Rather than relying on a test for normality of the residuals, try assessing the normality with rational judgment. Normality tests do not tell you that your data is normal, only that it's not. But given that the data are a sample you can be quite certain they're not actually normal without a test. The requirement is approximately normal. The test can't tell you that. Tests also get very sensitive at large N's or more seriously, vary in sensitivity with N. Your N is in that range where sensitivity starts getting high. If you run the following simulation in R a number of times and look at the plots then you'll see that the normality test is saying "not normal" on a good number of normal distributions.
# set the plot area to show two plots side by side (make the window wide)
par(mfrow = c(1, 2))
n <- 158 # use the N we're concerned about
# Run this a few times to get an idea of what data from a
# normal distribution should look like.
# especially note how variable the histograms look
y <- rnorm(n) # n numbers from normal distribution
# view the distribution
hist(y)
qqnorm(y);qqline(y)
# run this section several times to get an idea what data from a normal
# distribution that fails the normality test looks like
# the following code block generates random normal distributions until one
# fails a normality test
p <- 1 # set p to a dummy value to start with
while(p >= 0.05) {
y <- rnorm(n)
p <- shapiro.test(y)$p.value }
# view the distribution that failed
hist(y)
qqnorm(y);qqline(y)
Hopefully, after going through the simulations you can see that a normality test can easily reject pretty normal looking data and that data from a normal distribution can look quite far from normal. If you want to see an extreme value of that try n <- 1000
. The distributions will all look normal but still fail the test at about the same rate as lower N values. And conversely, with a low N distributions that pass the test can look very far from normal.

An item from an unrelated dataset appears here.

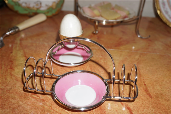 Portauovo e porta pane tostato in old sheffield con burriera in porcellana rosa. Inghilterra primi 900'. Offerta speciale: 280,00 Euro anzichè 550,00 Euro
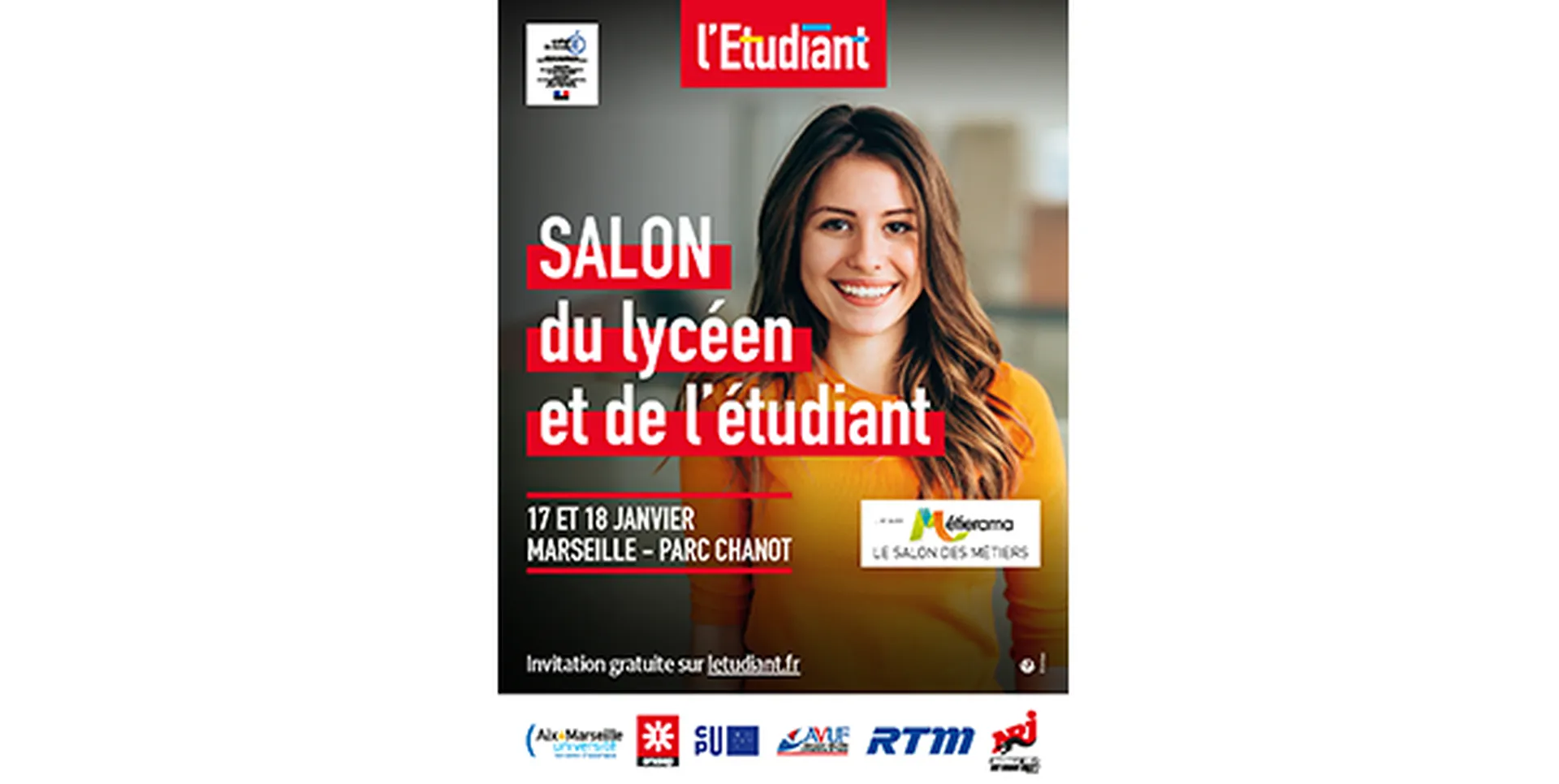 Nous vous invitons à venir nous rencontrer au Salon du Lycéen et de l'Etudiant organisé par L'étudiant et Métierama les 17 et 18 Janvier 2020 au Parc Chanot à Marseille !

The standard residual plot in SPSS is not terribly useful for assessing normality. You can see outliers, the range, goodness of fit, and perhaps even leverage. But normality is difficult to derive from it. Try the following simulation comparing histograms, quantile-quantile normal plots, and residual plots.

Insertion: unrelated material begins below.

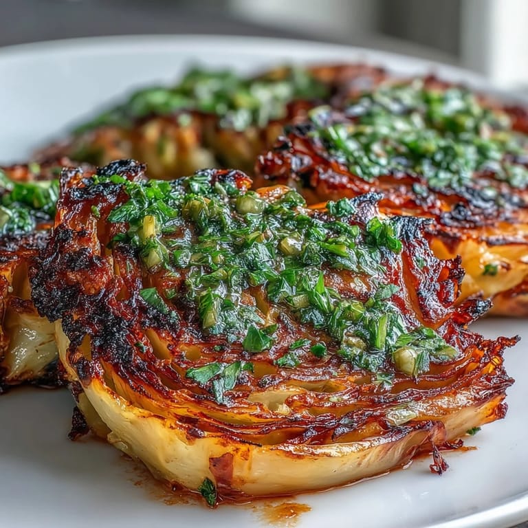 Pin This I was staring at a stubborn head of cabbage one evening, determined not to let it turn into slaw again. Something about slicing it thick, like a proper steak, felt daring. The oven worked its magic, edges crisping and caramelizing until they tasted almost meaty. Then I remembered a jar of chimichurri in the fridge and thought, what if I made it spicy? That night, cabbage became the star of dinner instead of the sidekick.
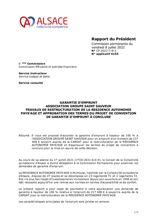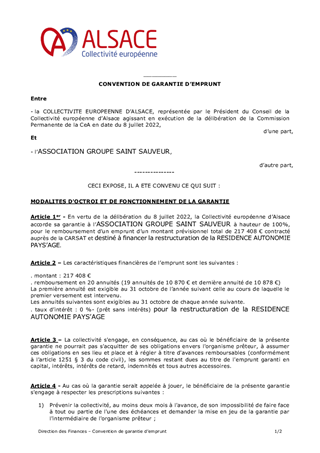 Il vous est proposé d’accorder la garantie d'emprunt à hauteur de 100 % à l'ASSOCIATION GROUPE SAINT SAUVEUR pour un emprunt d’un montant de 217 408 € souscrit auprès de la CARSAT pour la restructuration de la RÉSIDENCE AUTONOMIE PAYS’AGE et d’approuver les termes du projet de convention à conclure pour la mise en œuvre de cette décision.

par(mfrow = c(1, 3)) # making 3 graphs in a row now
y <- rnorm(n)
hist(y)
qqnorm(y); qqline(y)
plot(y); abline(h = 0)
It's extraordinarily difficult to tell normality, or much of anything, from the last plot and therefore not terribly diagnostic of normality.
In summary, it's generally recommended to not rely on normality tests but rather diagnostic plots of the residuals. Without those plots or the actual values in your question it's very hard for anyone to give you solid advice on what your data need in terms of analysis or transformation. To get the best help, provide the raw data.